For CKD v0.2, should_abstain can mark:

eGFR values close to staging thresholds
binary CKD labels that conflict with eGFR-derived stage
synthetic progression cases with ambiguous trajectories

The model does not see should_abstain

should_abstain is evaluation metadata. It is used for scoring, not exposed as an answer key in the prompt.

Calibration¶

Expected Calibration Error¶

Expected Calibration Error measures mismatch between stated confidence and observed correctness.

If a model says it is 80% confident on a group of similar answers, roughly 80% of those answers should be correct. ECE summarizes the gap across confidence bins.
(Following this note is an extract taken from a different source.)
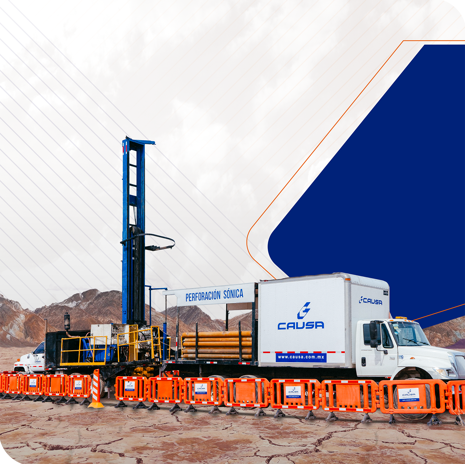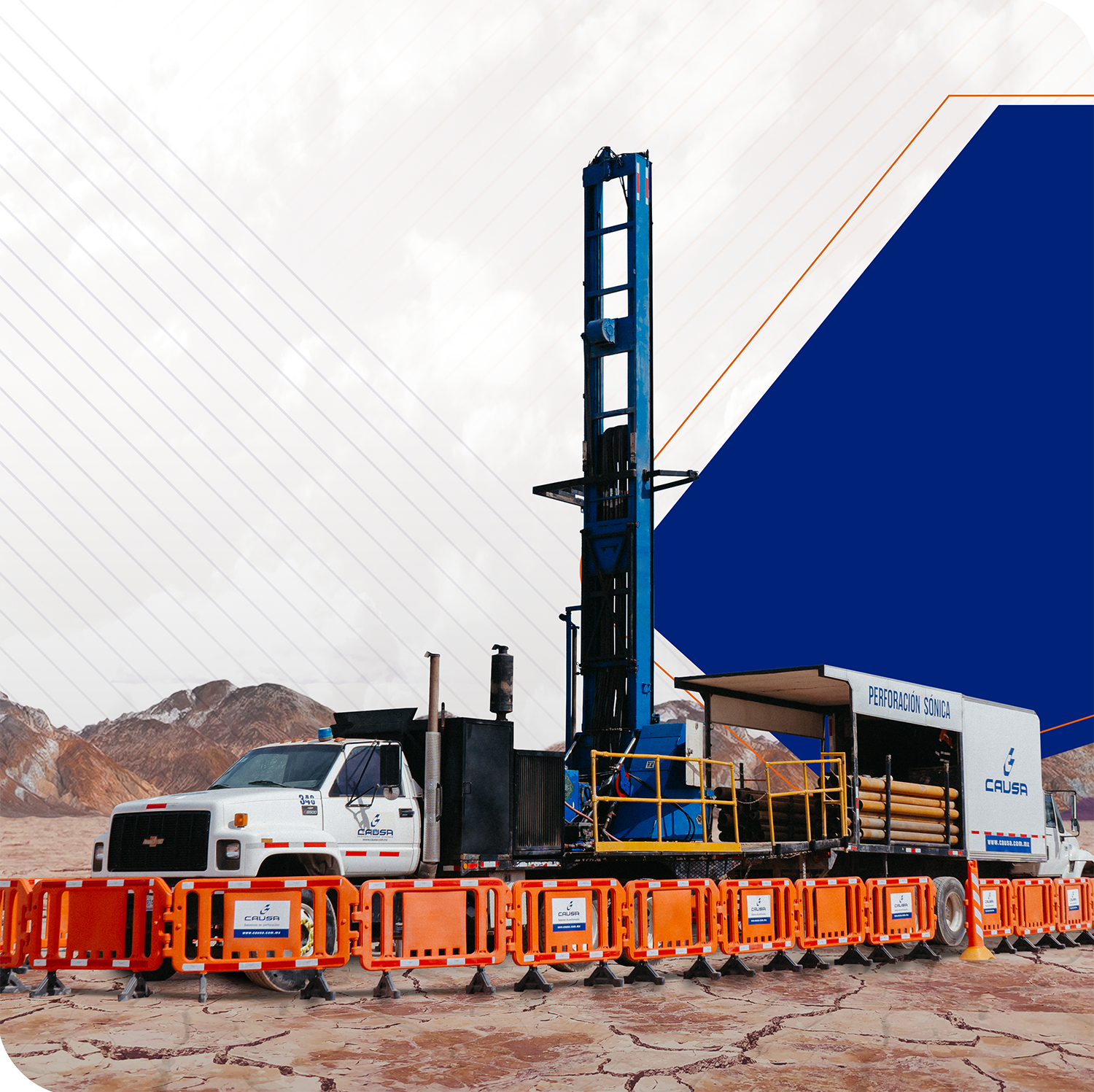 Uno de nuestros servicios es la perforación sónica, nueva tecnología para la exploración geológica de depósitos de minerales de poca profundidad y en rocas de dureza media.

Krisis stores bin-level details in JSON output so calibration can be plotted.

Brier Score¶

Brier score measures squared error between confidence and correctness for binary tasks. It is only meaningful when labels and predictions are binary, such as CKD detection.

For staging and progression, Krisis returns nan or null for Brier score because those tasks are multiclass.

Confidence is model-reported

Krisis evaluates the confidence value returned by the model. It does not assume provider probabilities are calibrated unless a backend explicitly returns calibrated probabilities.

Recommended Reporting¶

When comparing models, report at least:

Accuracy
Balanced Accuracy
Selective Accuracy (answered only)
Abstention Rate
Answer Rate (Coverage)
Deferral Alignment
Expected Calibration Error
elapsed seconds
token total

For a preprint or benchmark table, avoid ranking models by accuracy alone.